А навстречу шли и бежали ученики Хогвартса. Они здоровались на ходу. Улыбка не сходила с их лиц. И коридоры были полны смеха. В Большом Зале настроение тоже было праздничным, хотя Гермиона не смогла припомнить ни одного праздника в этот день. Дежурный отряд носился меж столов, и некоторые умудрялись нести сразу по четыре тарелки с горячим томатным супом, от которого поднимался пар. Или с ростбифом, который так благоухал, что у Гермионы заурчало в животе. Домовые эльфы расстарались сегодня. Но вот только вечным и неизменным остался тыквенный сок.
В дверях они встретились с МакГонагалл, Хагридом и Бернардом. Последний по приятельски взял Гермиону под руку, чуть наклонил голову и спросил:
— Гермиона, как это вы решили почтить наше скромное общество своим присутствием?
Но она просто пожала плечами. Она уселась между Северусом и Бернардом. Джек подмигнул дежурному, и перед ней через минуту появились тарелки с супом и ростбифом. И сок. Снейп ел молча, и так аккуратно разрезал мясо, будто препарировал какую-то лягушку — одна лапка, другая, туловище. Бернард же ел быстро, но с таким аппетитом, что смотреть, как он ест, было удивительно приятно.
Гермиона наслаждалась горячим супом, свежим мясом, и, наевшись, довольно откинулась на спинку стула. Северус соизволил посмотреть на нее и бросил:
— Я задержусь на пять минут, подожди меня во дворе.
Бернард удивленно вздернул брови. А Гермиона немного обиделась. Чудная прогулка. И сразу одернула себя. В конце концов, он Директор, а не миссис Норрис, у которой ни забот, ни хлопот.
И она ждала его во дворе, снова забравшись с ногами на скамейку, кутаясь в короткую курточку и согревая руки в карманах. Она сидела и думала, почувствует ли, когда он идет и, если почувствует, то все будет хорошо, а, если не почувствует, то скоро уедет из Хогвартса, и никогда больше не встретится с Северусом Снейпом. И вдруг испугавшись, что гадание может не сбыться или сбыться не так, как ей бы хотелось, помотала головой — нет, нет и нет. Никаких гаданий о Северусе Снейпе.
Он окликнул ее издалека. Она резко обернулась и так посмотрела на него, что Северусу стало страшно. Он не хотел этого. Совсем не хотел стать для нее кем-то единственным. Ему попросту было это не нужно. Никаких привязанностей. Они делают тебя слабым. Лишают сна. И точно приносят не одну только радость. Потому он сказал холодно: «Пойдем», — хотя и не хотел ее обижать. Тяжело обидеть человека, что смотрит на тебя такими глазами.
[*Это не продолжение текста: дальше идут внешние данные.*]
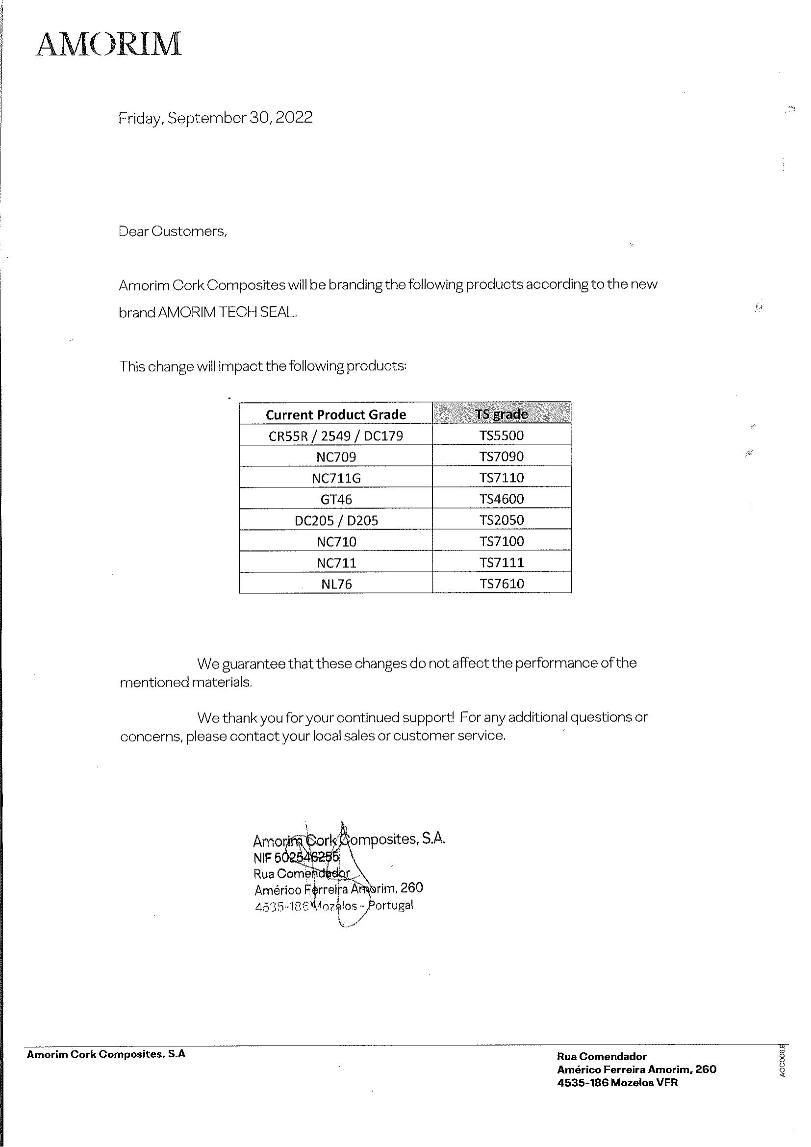 Amorim Cork Composites將按照新的品牌AMORIM TECH SEAL對材料進行推廣。

Снейп снова шел так быстро, что Гермиона не успевала за ним. И она отстала, потому что сейчас он был иным. Отстраненным. Холодным. И она бы могла смириться, если бы не видела, что он бывает другим. Но кто мог знать, где начинается и где заканчивается настоящий Северус Снейп?
Она шла и шла вслед за ним по высохшей и пожелтевшей траве. От холодного пронзительного ветра заболели уши, и стала тяжелой голова. Она забыла платок и снова шмыгала носом. Но в груди было жарко. И сердце билось, как птица в клетке. Ей было одновременно так радостно и так горько, что она уже раздумывала, зачем на нее все это свалилось.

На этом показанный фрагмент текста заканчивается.